Academic Journal of Engineering and Technology Science, 2023, 6(10); doi: 10.25236/AJETS.2023.061001.
Yang Zhang1, Binbin Wu2, Jie Lu1, Jingzhou Yang1
1CETC Next-generation Mobile Communication Innovation Center, Shanghai, 200331, China
2College of Communications Engineering, Army Engineering University of PLA, Nanjing, 210007, China
Aiming at the problem of low coverage caused by the difficulty of obtaining the optimal deployment position in existing commonly used distributed deployment algorithms, this paper proposes a three-dimensional (3D) deployment algorithm for Unmanned Aerial Vehicles (UAV) based on potential game. Firstly, a local mutually beneficial game model is designed, and proved the existence of exact potential games and Nash equilibrium in this game model, and the Nash equilibrium solution corresponds to the maximum coverage. Secondly, inspired by the idea of exploration, a solution method based on exploration-based automatic learning machine was designed, and the maximum utility function value of multiple step sizes in the exploration direction is used to update the action selection probability, ensuring the optimal deployment position in each decision cycle.

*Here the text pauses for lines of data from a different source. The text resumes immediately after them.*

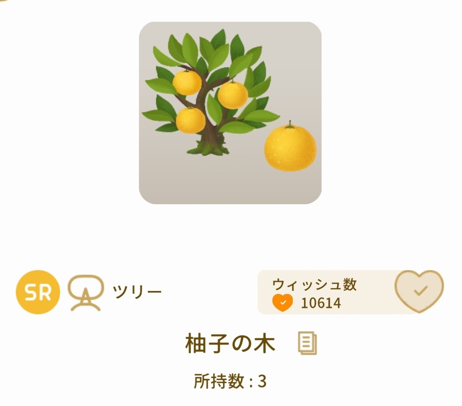 つい#ぽかぽか柚子湯の島 のガチャを回したら、なんと柚子の木が3本も当たってしまった。
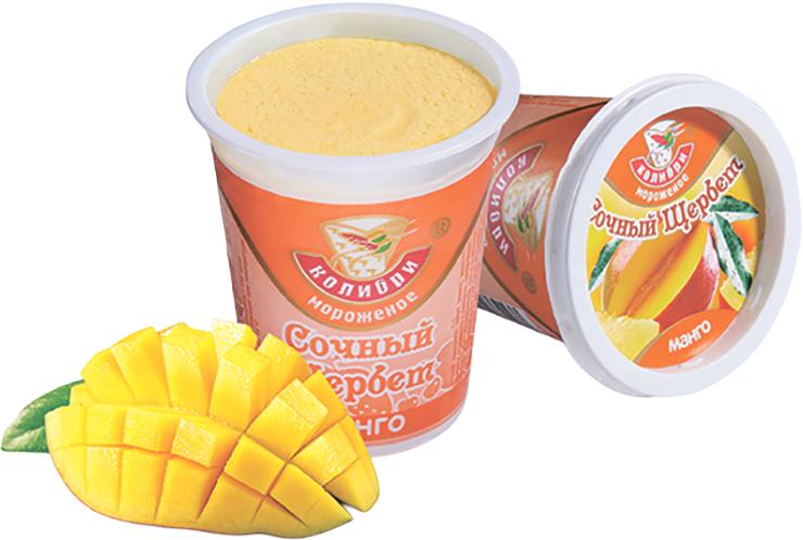 восстановленное молоко (вода питьевая, молоко сухое цельное, молоко сухое обезжиренное), масло сливочное, сахар, молоко сгущённое с сахаром из восстановленного обезжиренного молока (восстановленное обезжиренное молоко, сахар (сахароза)), эмульгатор (моно- и диглицериды жирных кислот), стабилизаторы (гуаровая камедь, карбоксиметилцеллюлоза натриевая соль, каррагинан), ароматизатор пищевой «Ванилин». Фруктовый сорбет манго: вода питьевая, пюре манго, сахар, глюкозный сироп, стабилизаторы (камедь плодов рожкового дерева, гуаровая камедь). Может содержать следы орехов, арахиса, яичных продуктов, сои, глютена
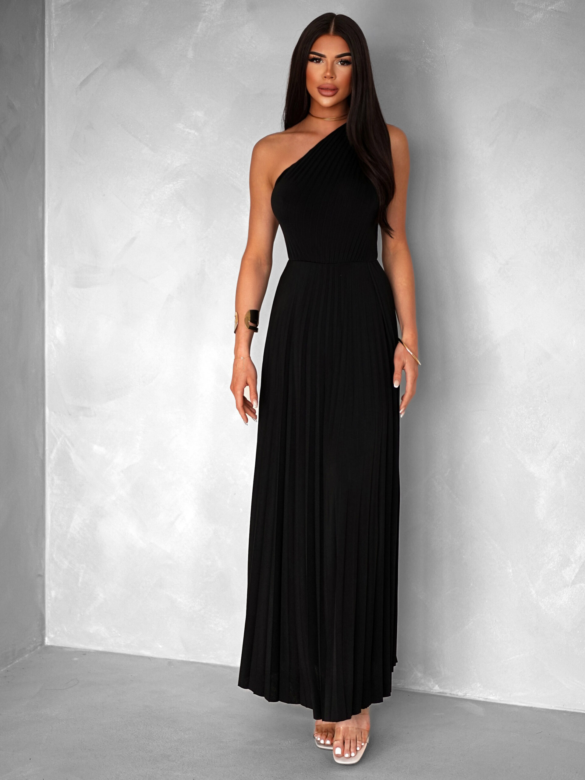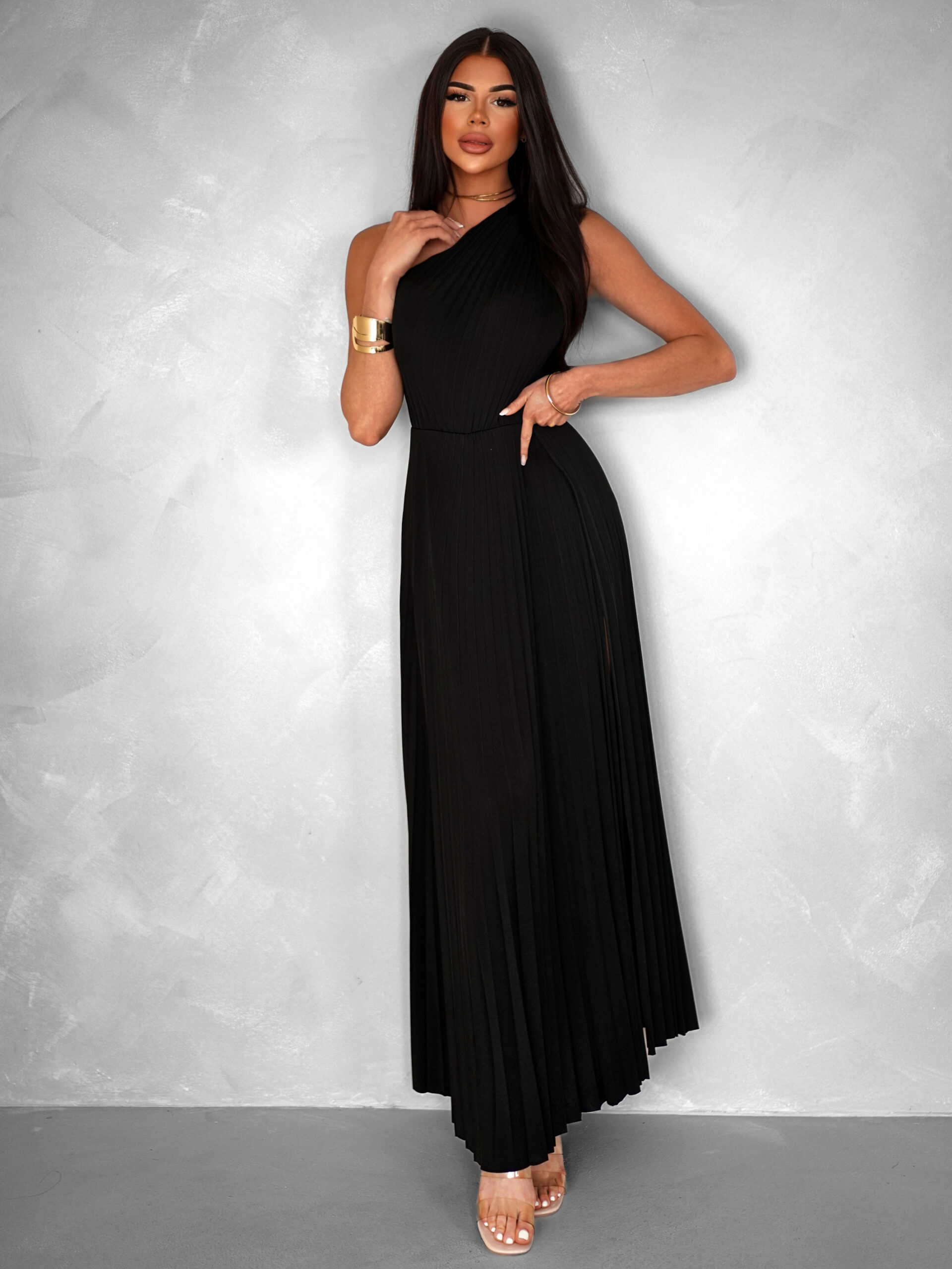 Černé elegantní dlouhé plisované šaty OLIVIE Velikost: ONESIZE
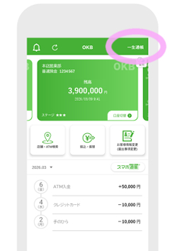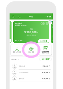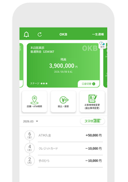 - 「スマホ通帳」は、OKBアプリの「口座」画面から、1タップでカンタンに切り替えて利用いただけます。
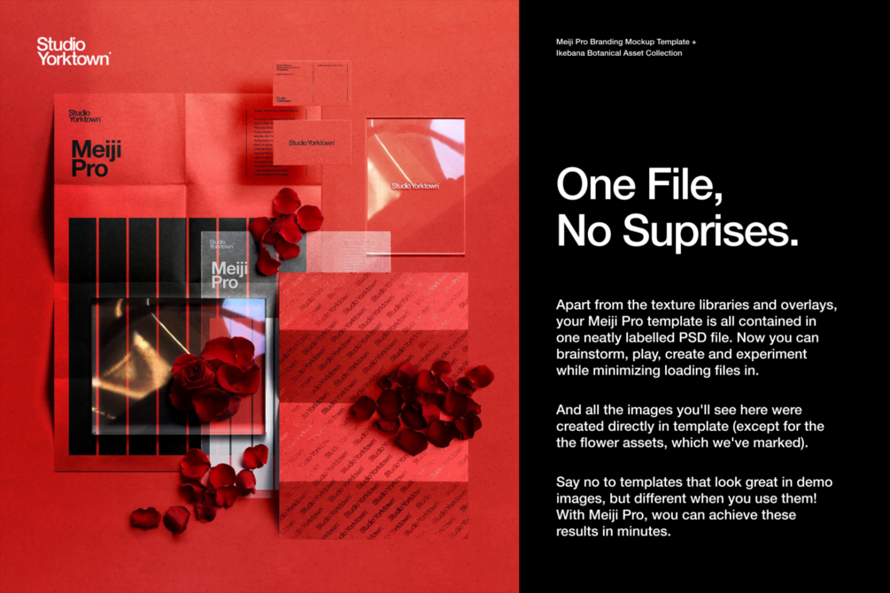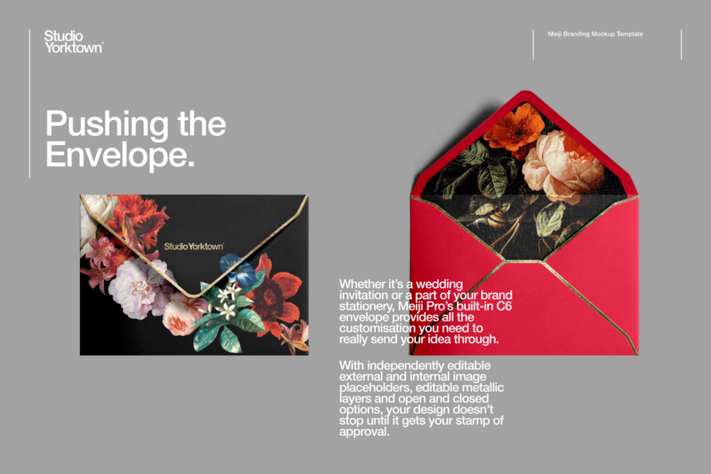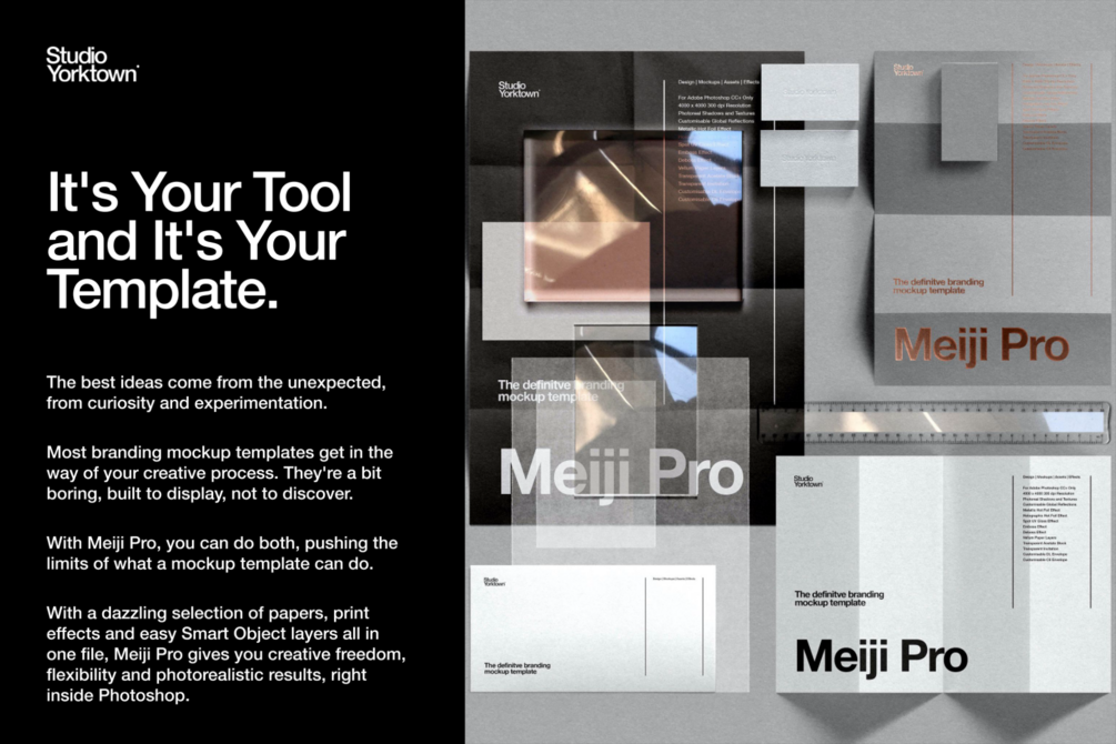 Meiji Pro is an all-in-one branding mockup scene creator for Adobe Photoshop. With unparalleled versatility and material effects, it’s a tool and a template built for design, display and discovery.
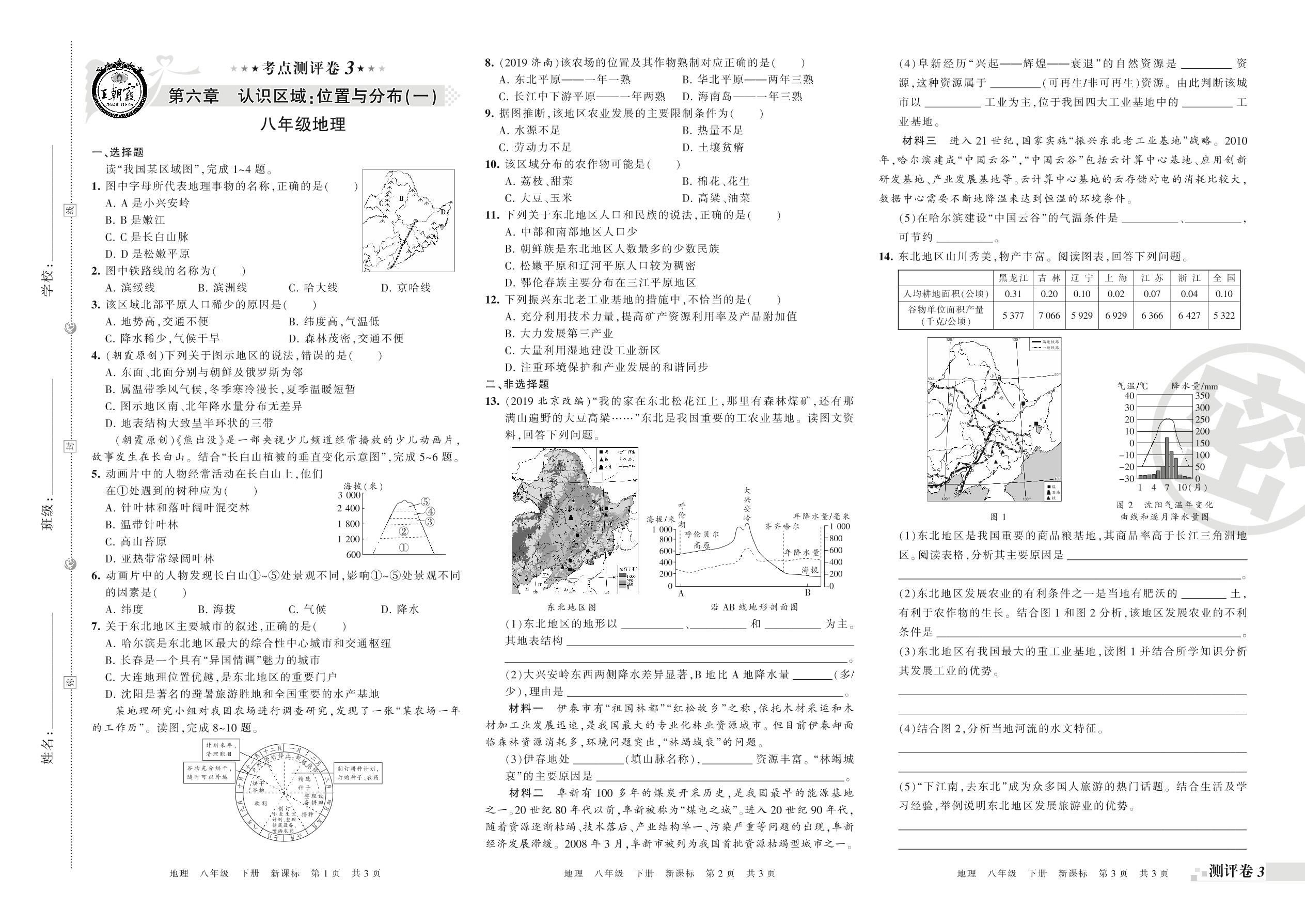 王朝霞期末测评卷——第六章 认识区域:位置与分布(一)(二)八年级下册地理(新课标版)【0】

Simulation results show that the proposed distributed deployment algorithm has higher coverage than existing commonly used methods.
Data collection, UAV, Three-dimensional deployment, Motion planning
Yang Zhang, Binbin Wu, Jie Lu, Jingzhou Yang. Dynamic 3D deployment of autonomous navigation UAVs for mobile sensors in the Internet of Things. Academic Journal of Engineering and Technology Science (2023) Vol. 6, Issue 10: 1-11. https://doi.org/10.25236/AJETS.2023.061001.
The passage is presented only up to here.